▸ **To do**
Reproduce the listing below from the line with "Побутова техніка: холодильник, варильна" to the line with "Black Jacquard Ruffled Hem DressRunway", both lines included, character for character, minus any pictures.

##### Records for the exercise

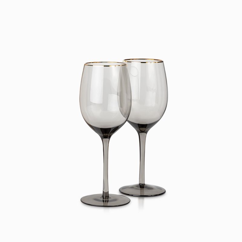 Set de dos copas line gris, especiales para servir vino tinto, su borde dorado evoca el brillo de los minerales extraídos de la naturaleza, al tiempo que rememora las clásicas copas y vasos de borde dorado, que en tiempos pasados eran sinónimo de lujo, gala y elegancia.
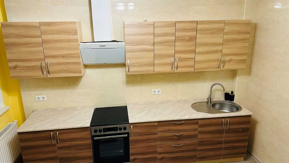 Побутова техніка: холодильник, варильна поверхня, духовка, витяжка, кондиціонер, пральня машина, телевізор.
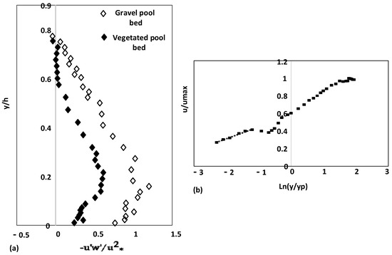 Flow over Pool with submerged vegetation by Parvizi et al. [2]: (a) Distribution of Reynolds shear stress over gravel bed and vegetated canopy; (b) Validation of logarithmic law in vegetated pool.
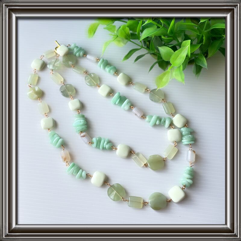 薄らグリーンかかったレモンクリソプレーズは、レトロ感のある石、同じグリーン系で、統一感。
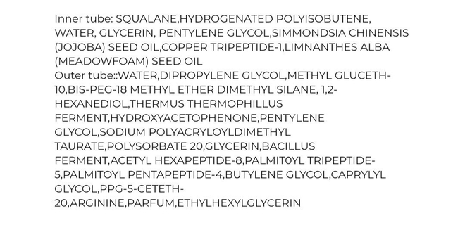 - В составе органический кремний, пробиотики, масло ши, аминокислоты, медный пептид, флавоноиды, экстракт акмеллы, пептиды син-колл, аргирелин, синяк (syn-ake), аллантоин, коллаген.
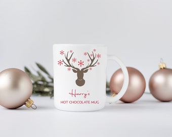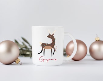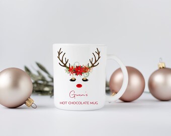 Pretty Reindeer Merry Christmas mug, Custom mug, Personalized gift, personal drinkware, Hot Cocoa, Present for kids, Perosonal Holiday mug
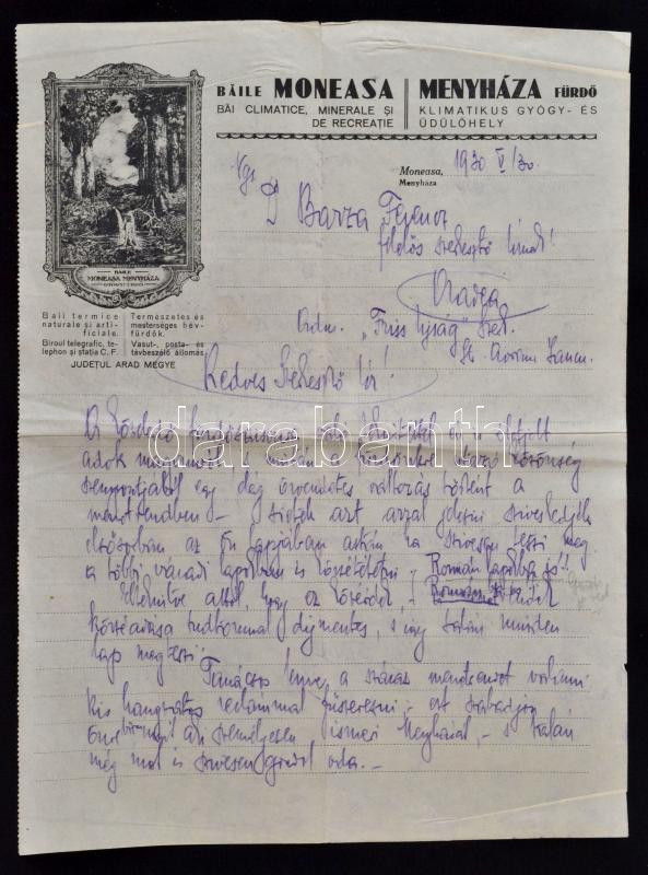 Beschreibung: 1930 Levél Menyháza Fürdő rajzos fejléces papíron, 29x22cm
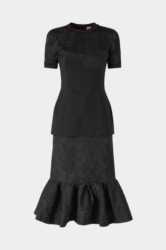 Black Jacquard Ruffled Hem DressRunway
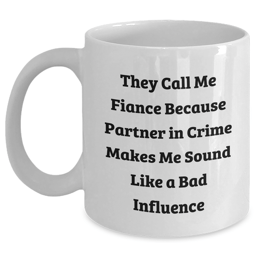 Funny Fiance Gifts from Men to Fiance on Graduation - They Call Me Fiance Because Partner In Crime Makes Me Sound Like A Bad Influence, White Coffee Mug, 11oz or 15oz

##########

▸ **Reply**
 Побутова техніка: холодильник, варильна поверхня, духовка, витяжка, кондиціонер, пральня машина, телевізор.
 Flow over Pool with submerged vegetation by Parvizi et al. [2]: (a) Distribution of Reynolds shear stress over gravel bed and vegetated canopy; (b) Validation of logarithmic law in vegetated pool.
 薄らグリーンかかったレモンクリソプレーズは、レトロ感のある石、同じグリーン系で、統一感。
 - В составе органический кремний, пробиотики, масло ши, аминокислоты, медный пептид, флавоноиды, экстракт акмеллы, пептиды син-колл, аргирелин, синяк (syn-ake), аллантоин, коллаген.
 Pretty Reindeer Merry Christmas mug, Custom mug, Personalized gift, personal drinkware, Hot Cocoa, Present for kids, Perosonal Holiday mug
 Beschreibung: 1930 Levél Menyháza Fürdő rajzos fejléces papíron, 29x22cm
 Black Jacquard Ruffled Hem DressRunway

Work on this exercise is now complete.